* MATERIAL FOR THIS EXERCISE *

>>>>

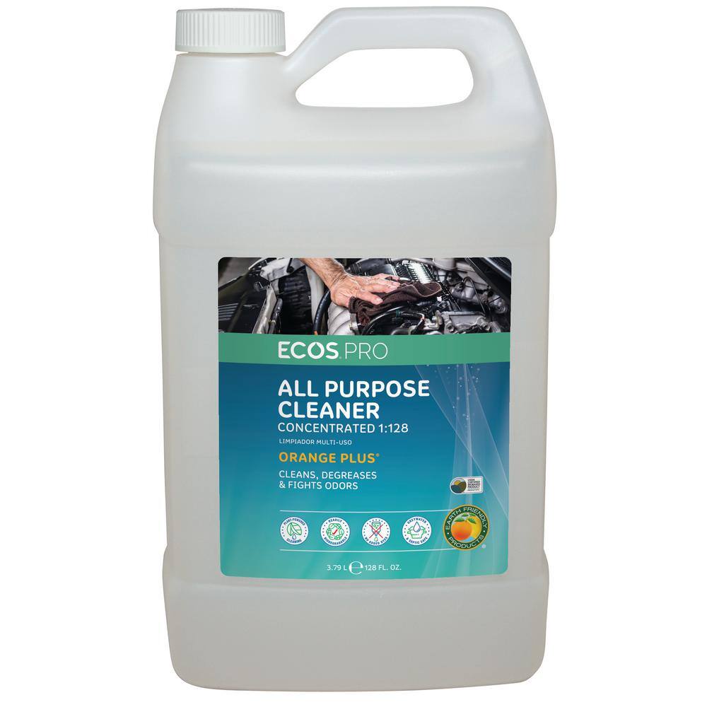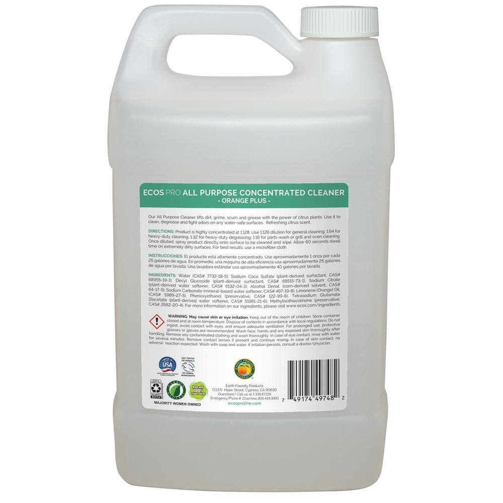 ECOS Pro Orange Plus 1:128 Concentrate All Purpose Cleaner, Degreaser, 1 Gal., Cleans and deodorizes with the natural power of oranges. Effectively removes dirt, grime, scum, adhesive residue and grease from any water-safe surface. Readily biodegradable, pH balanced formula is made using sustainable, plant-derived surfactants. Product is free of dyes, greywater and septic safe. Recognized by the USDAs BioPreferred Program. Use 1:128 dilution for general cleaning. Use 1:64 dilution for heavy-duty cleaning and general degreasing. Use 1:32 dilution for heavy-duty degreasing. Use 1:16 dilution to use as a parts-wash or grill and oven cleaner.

<<<<
>>>>

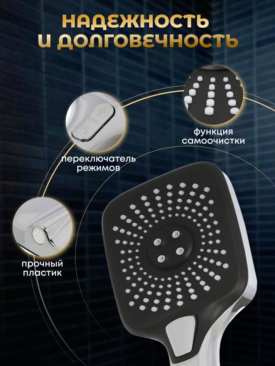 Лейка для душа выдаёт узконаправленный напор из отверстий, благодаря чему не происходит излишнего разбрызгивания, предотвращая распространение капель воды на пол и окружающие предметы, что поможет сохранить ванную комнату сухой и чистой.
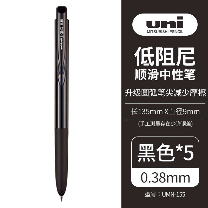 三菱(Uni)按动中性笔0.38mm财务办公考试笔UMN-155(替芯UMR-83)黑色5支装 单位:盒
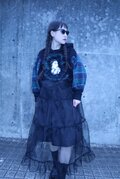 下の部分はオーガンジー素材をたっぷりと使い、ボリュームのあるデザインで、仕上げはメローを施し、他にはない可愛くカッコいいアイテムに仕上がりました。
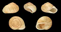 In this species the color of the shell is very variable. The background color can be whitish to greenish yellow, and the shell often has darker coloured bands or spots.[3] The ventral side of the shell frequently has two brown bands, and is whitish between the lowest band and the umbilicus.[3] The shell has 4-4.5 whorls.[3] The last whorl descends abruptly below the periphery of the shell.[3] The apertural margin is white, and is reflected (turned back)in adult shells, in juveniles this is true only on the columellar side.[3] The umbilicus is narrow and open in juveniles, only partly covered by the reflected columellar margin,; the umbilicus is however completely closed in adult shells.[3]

<<<<
>>>>

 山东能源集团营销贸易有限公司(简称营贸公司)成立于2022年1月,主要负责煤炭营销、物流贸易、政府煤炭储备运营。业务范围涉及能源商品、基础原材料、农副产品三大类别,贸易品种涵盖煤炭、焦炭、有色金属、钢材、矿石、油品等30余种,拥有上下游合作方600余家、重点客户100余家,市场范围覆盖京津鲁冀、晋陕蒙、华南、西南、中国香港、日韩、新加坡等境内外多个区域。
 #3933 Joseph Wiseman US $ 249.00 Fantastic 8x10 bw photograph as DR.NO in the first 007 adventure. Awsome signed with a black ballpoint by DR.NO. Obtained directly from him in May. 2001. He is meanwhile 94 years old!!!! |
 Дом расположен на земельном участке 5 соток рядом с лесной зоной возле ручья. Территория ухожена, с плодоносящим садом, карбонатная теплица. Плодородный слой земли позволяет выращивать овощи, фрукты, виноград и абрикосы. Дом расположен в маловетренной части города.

<<<<

* WHAT TO DO *
Looking at the listing above, which lines run from the one containing "三菱(Uni)按动中性笔0." through the one containing "In this species"? Print exactly those, ends included, pictures excluded.

* PROBLEM SOLUTION *
 三菱(Uni)按动中性笔0.38mm财务办公考试笔UMN-155(替芯UMR-83)黑色5支装 单位:盒
 下の部分はオーガンジー素材をたっぷりと使い、ボリュームのあるデザインで、仕上げはメローを施し、他にはない可愛くカッコいいアイテムに仕上がりました。
 In this species the color of the shell is very variable. The background color can be whitish to greenish yellow, and the shell often has darker coloured bands or spots.[3] The ventral side of the shell frequently has two brown bands, and is whitish between the lowest band and the umbilicus.[3] The shell has 4-4.5 whorls.[3] The last whorl descends abruptly below the periphery of the shell.[3] The apertural margin is white, and is reflected (turned back)in adult shells, in juveniles this is true only on the columellar side.[3] The umbilicus is narrow and open in juveniles, only partly covered by the reflected columellar margin,; the umbilicus is however completely closed in adult shells.[3]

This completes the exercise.